Viagra or Cialis could treat Duchenne muscular dystrophy

Erectile dysfunction (ED) medications for adult males such as Viagra and Cialis could be beneficial for boys suffering with the muscle disease Duchenne muscular dystrophy (DMD), according to the findings of a new study.

The small study – published online May 7 in the journal Neurology – included 10 boys between the age of eight and 13 with the disease, and the researchers discovered that popular male impotence drugs Viagra and Cialis worked at boosting blood flow to the impaired and weakened muscles in the boys.

“Boys with Duchenne muscular dystrophy have a blood flow abnormality – delivery of blood and oxygen to their muscles – that does not increase the way it should during mild exercise,” commented lead researcher Dr Ronald Victor, the associate director of the Cedars-Sinai Heart Institute in Los Angeles.

Not a commonly known ailment, DMD is a genetic condition that may be inherited which causes muscle weakness and begins during childhood. Signs of DMD are when the child has difficulty standing up, climbing or running. It primarily effects boys in their early childhood and unfortunately they can only expect to live into their 20s or 30s. Some girls may also carry the Duchenne gene.

Treatment with medication such as corticosteroids can slow down muscle degeneration and provide protection for heart and lung function, but they have no impact on the abnormal blood flow. In addition, there are more than a quarter of patients unable to tolerate steroids or their side effects.

For the study, scientists based at the Cedars-Sinai Institute looked at the impact ED medications had for the 10 boys with DMD and experiencing blood flow problems. All the boys were initially using steroids and they were subsequently compared against 10 healthy boys in the same age group.

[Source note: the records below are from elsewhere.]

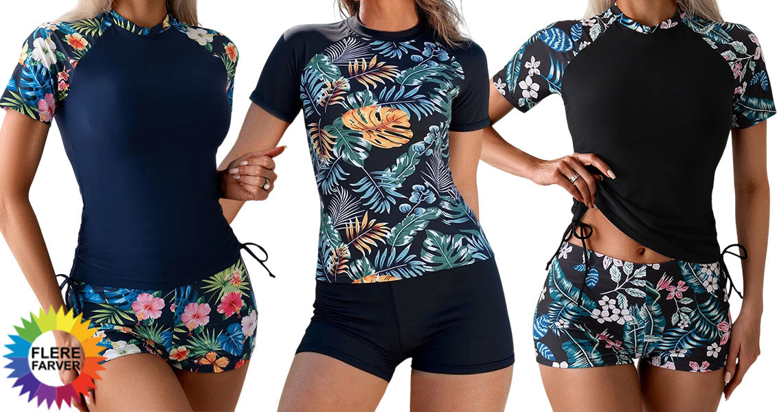 - 2-delt surfing badedragtsæt: Stilfuld kortærmet top med matchende bund for et sporty og komfortabelt strandlook.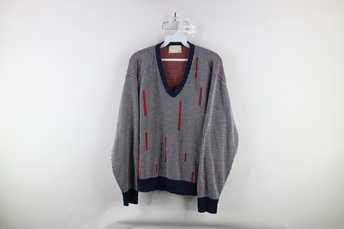 - Vtg 70s Streetwear Mens Medium Geometric Striped Ribbed Knit V-Neck Sweater USA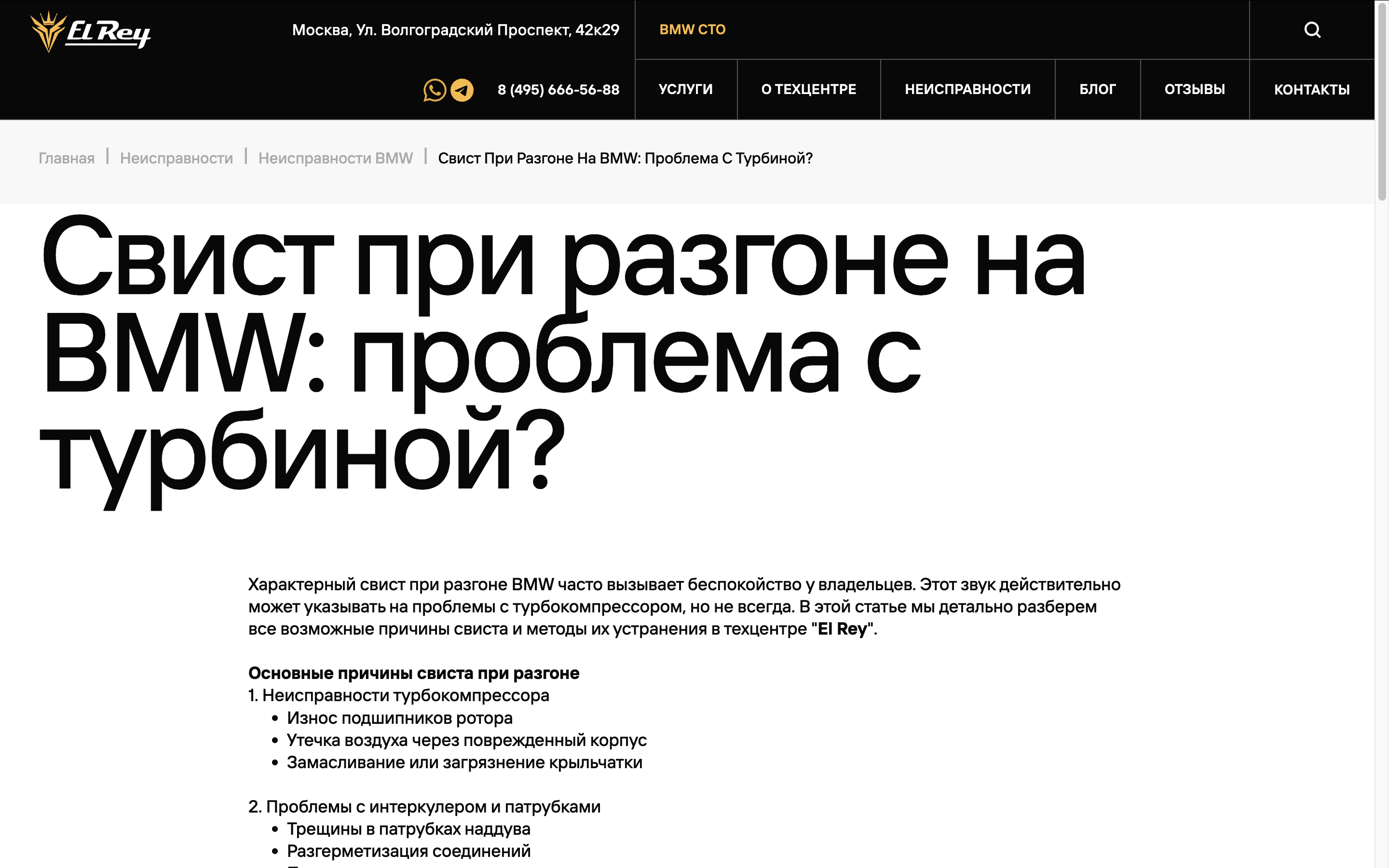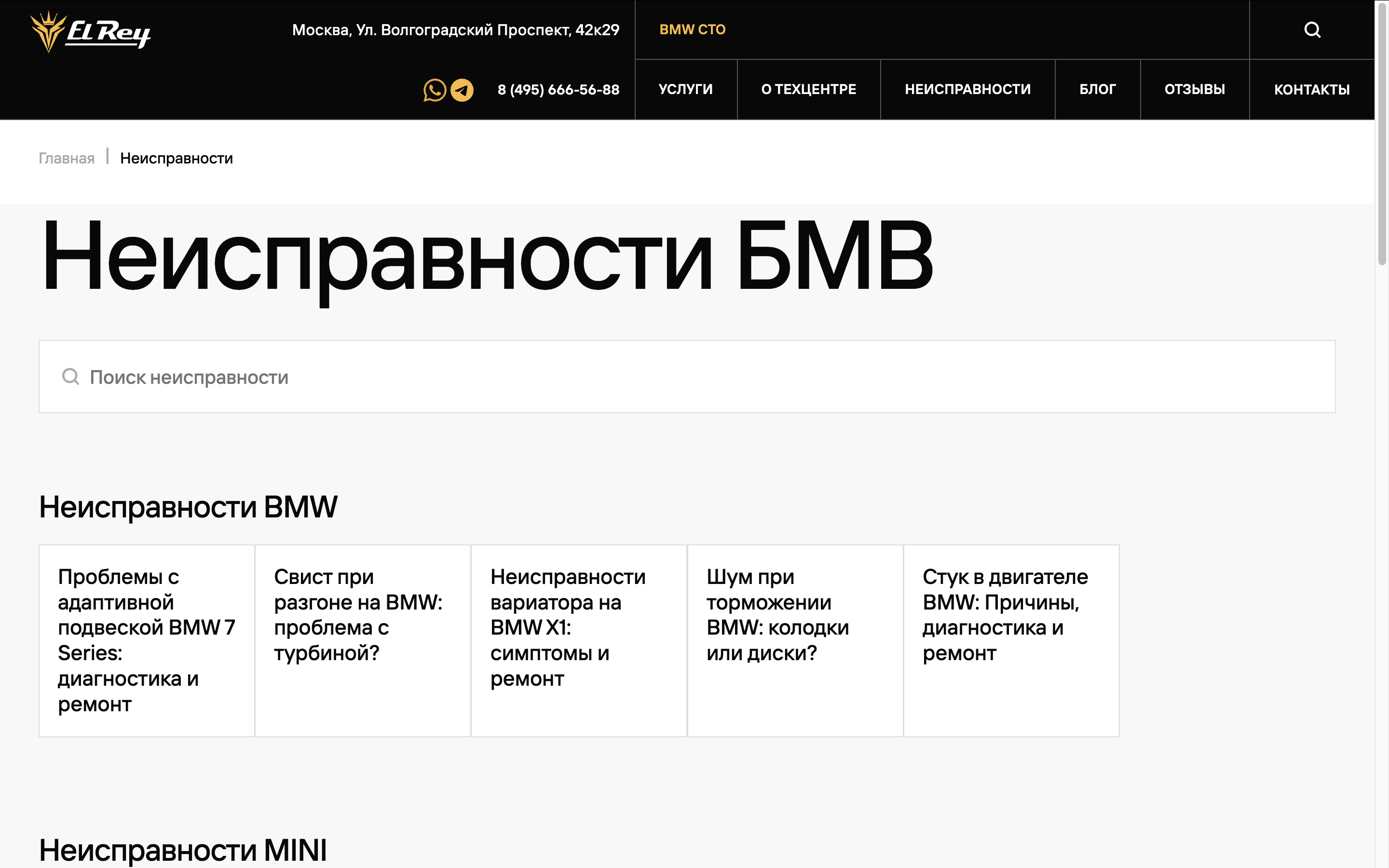 На основании данных SEO аудита мы разработали раздел “Неисправности”. В нём размещены популярные статьи по неисправностям брендов BMW, MINI и Rolls-Royce. Для удобства пользования мы реализовали удобный поиск по ключевым словам.

Those with DMD were still able to walk, but some used a wheelchair or scooter too. Their blood pressure was taken during rest and whilst performing a handgrip exercise. Despite taking steroids, the boys with Duchenne were found to have abnormal blood flow.

Tests were conducted again after the boys were given a single dose of either sildenafil (commonly known as Viagra) or tadalafil (commonly known as Cialis). After a fortnight, those given sildenafil were switched to tadalafil, and vice versa, with tests carried out yet again.

Treatment with both drugs resulted in improved blood flow in the boys with Duchenne, even equalling that of the healthier boys.

In regards to side effects from taking what are obviously adult-only medications, Dr Victor says: “A few boys in our study had erections after taking these drugs. The erections were not painful and not dangerous and resolved spontaneously without treatment.”

It is not known if the anti-impotence drugs will slow progression of the disease and Dr Victor believes a much larger trial could help solve this mystery.

“The findings in this small study led to a large clinical trial, which is enrolling now in the U.S. and abroad, to see if 48 weeks of treatment with once-daily Cialis will slow the decline in walking ability in 7- to 14-year-old boys with Duchenne. The findings offer some hope, but we need to wait for the results of the large treatment trial to see if daily treatment with Cialis has a clinically meaningful benefit for boys with this form of muscular dystrophy.”